Personal information
- Full name: Miguel Ángel Rondelli
- Date of birth: 24 January 1978 (age 48)
- Place of birth: Buenos Aires, Argentina

Team information
- Current team: Melgar (manager)

Youth career
- Years: Team
- Vélez Sarsfield
- All Boys
- Lamadrid

Managerial career
- 2010–2017: Vélez Sarsfield (youth)
- 2018–2021: Universidad Católica del Ecuador (youth)
- 2021: Universidad Católica del Ecuador (interim)
- 2022: Universidad Católica del Ecuador
- 2023: Emelec
- 2024–2026: Cusco
- 2026–: Melgar

= Miguel Rondelli =

Argentine football manager

Miguel Ángel Rondelli (born 24 January 1978) is an Argentine football manager, currently in charge of Peruvian club Melgar.

==Career==
Rondelli was born in Buenos Aires. After playing in the youth categories of Vélez Sarsfield, All Boys and Lamadrid, he retired at the age of just 16, and studied informatics before moving to coaching at the age of 25.
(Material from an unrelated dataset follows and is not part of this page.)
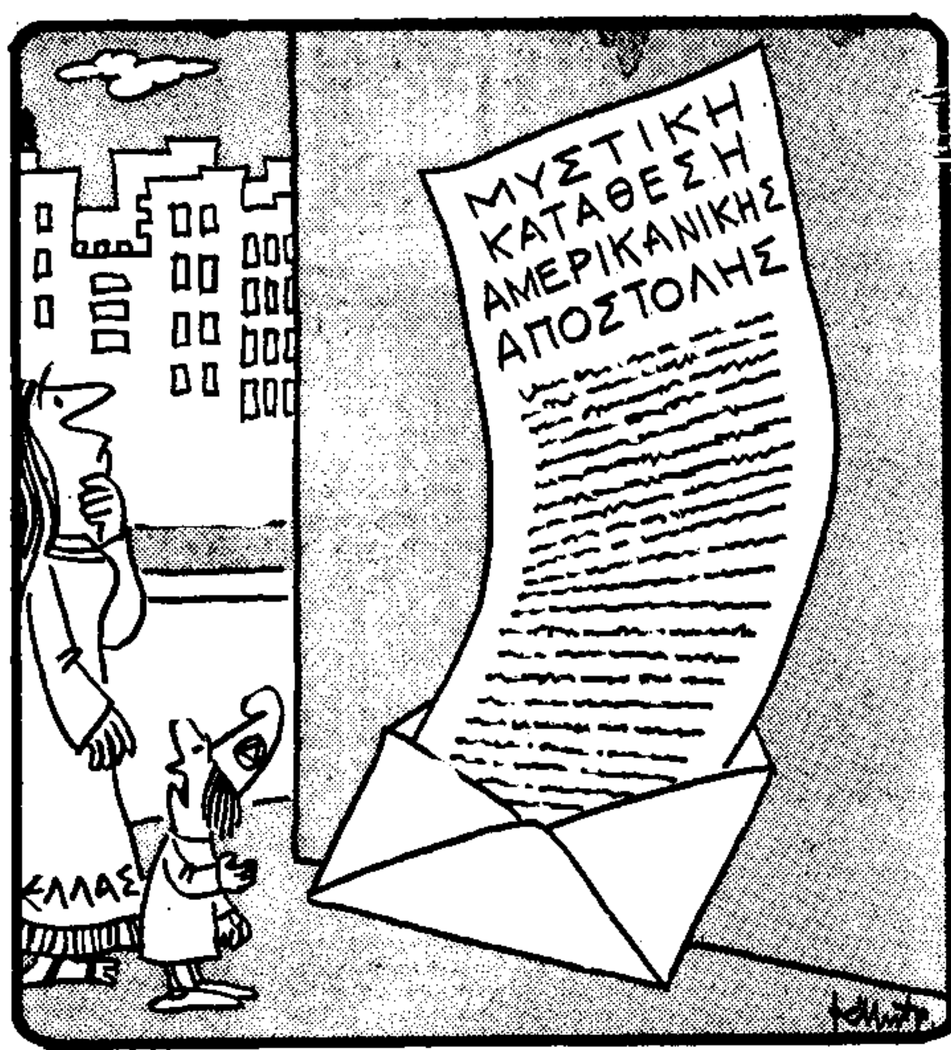
Μαμά, αυτοί είναι οι «φάκελοι θανάτου» που λένε;

Rondelli subsequently worked in the youth sides of Vélez Sarsfield for twelve years, and moved abroad in 2018, joining Ecuadorian side Universidad Católica del Ecuador and being initially assigned as manager of the youth setup. In October 2021, he was named interim manager of the latter's main squad, along with Omar Andrade, after the departure of Santiago Escobar.
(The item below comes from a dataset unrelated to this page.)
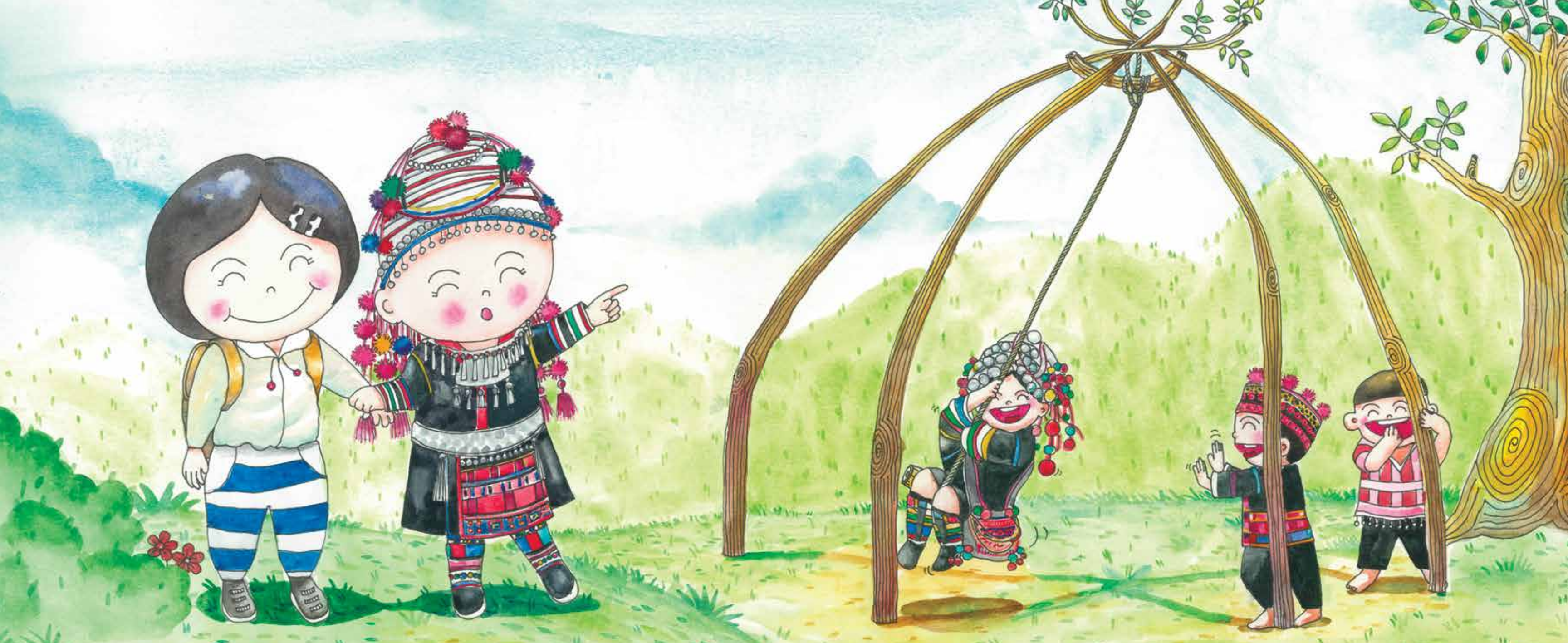
อาช่าชวนไล้ชิงซ่า แกว่งไกวไปมา ซ่ายทีขวาที

On 23 December 2021, Católica confirmed Rondelli as the first team manager for the 2022 season. He left the club on 17 November 2022, as his contract was due to expire.

On 29 November 2022, Rondelli replaced Ismael Rescalvo at the helm of Emelec, still in the Ecuadorian top tier. He left on a mutual agreement on 7 June of the following year, after the club finished 13th in the first stage of the 2023 Ecuadorian Serie A.

On 26 November 2023, Rondelli took over Cusco in the Peruvian Primera División. He qualified the club to two continental competitions in the following two seasons, before resigning on 28 March 2026.

Hours after resigning from Cusco, Melgar announced the signing of Rondelli as their manager.